La séquence actuelle est significative. Effectivement, le « front européen anti-migrants » constitue une source d’unité dans une Europe profondément divisée par ailleurs. Ainsi, le ministre français de l’Économie, Bruno Le Maire, soutenait la récente décision de la Pologne de construire un « mur anti-migrants » le long de la frontière avec le Bélarusse. Preuve du caractère superficiel de la grille de lecture binaire et manichéenne (« progressistes versus nationalistes ») qu’avait tenté d’imposer le président Macron au sujet de l’échiquier politique européen. Et cruelle ironie de l’histoire, aujourd’hui. Puisque la pression migratoire à la frontière entre la Pologne et la Biélorussie conduit les Européens à faire bloc derrière les dirigeants conservateurs-identitaires au pouvoir à Varsovie. Dirigeants que les institutions de l’Union poursuivent par ailleurs pour non-respect de l’Etat de droit…
L’obsession de l’immigration en France
Quant à la France, la question de l’immigration est devenue obsessionnelle depuis les années 1980. Le choc pétrolier et ses conséquences économiques a changé la donne en matière de politique migratoire.
C’est donc le président Giscard d’Estaing qui interrompt en 1974 l’immigration de nouveaux travailleurs. Il met en place des aides financières au retour (sans succès) et… défend l’idée d’un renvoi massif de travailleurs immigrés.

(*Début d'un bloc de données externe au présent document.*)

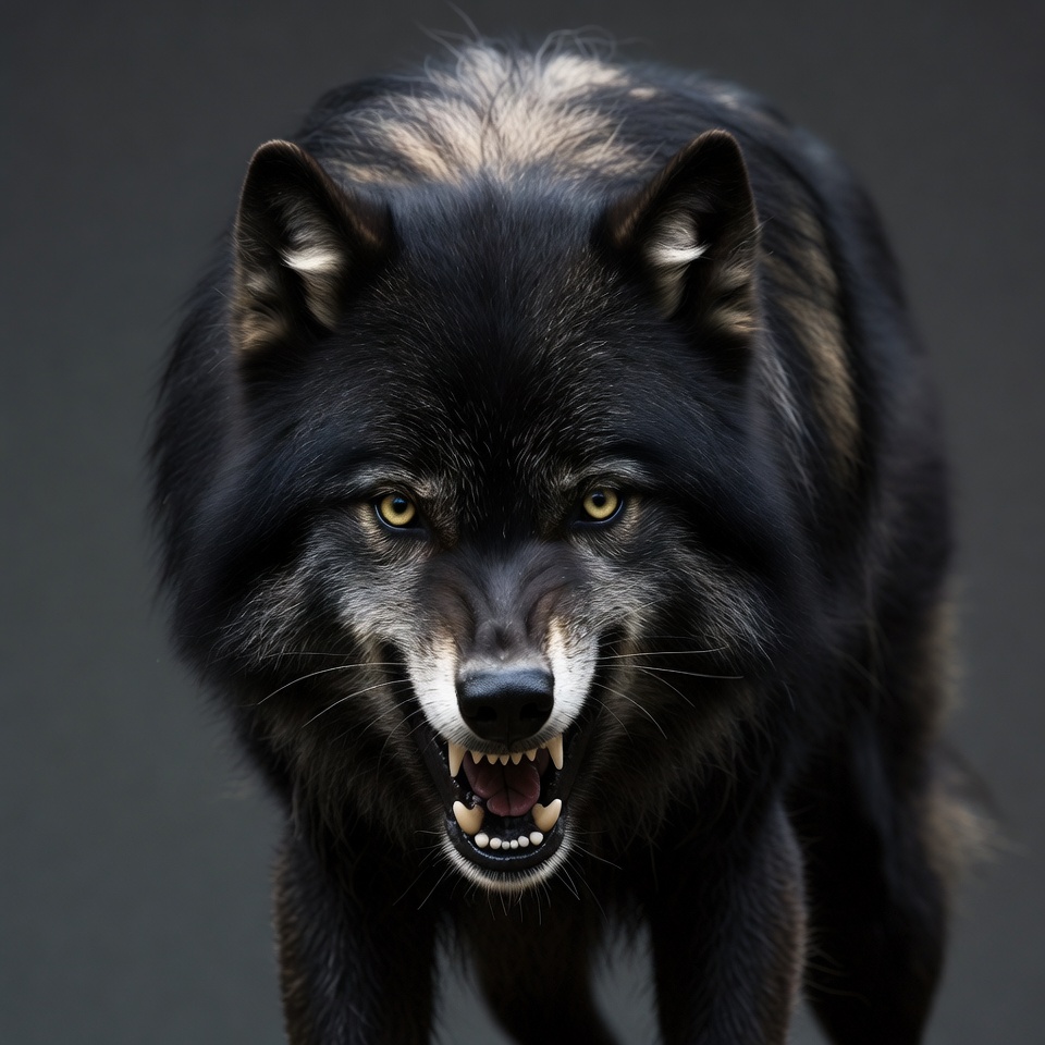 Growling Black Wolf with Bared Teeth
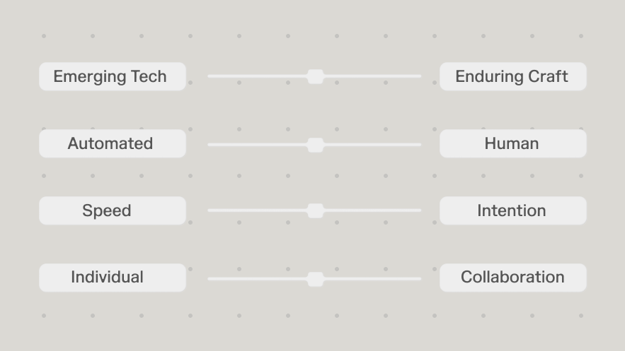 But speed was never the point for studios with real aesthetic standards. The fear shouldn’t be about falling behind, but becoming generic. It’s the slow erosion of the thing that makes your work worthwhile—the accumulated taste, judgment, and intention that lives in your team and took years to develop.

Le contexte est alors propice au durcissement progressif de la législation en matière d’entrée et de séjour des étrangers en France. Car la conjugaison d’une crise sociale (avec un chômage structurel et massif) et d’une crise des idéaux collectifs de substitution (déclin du marxisme) ont aiguisé le développement d’un sentiment de vulnérabilité dans la société française.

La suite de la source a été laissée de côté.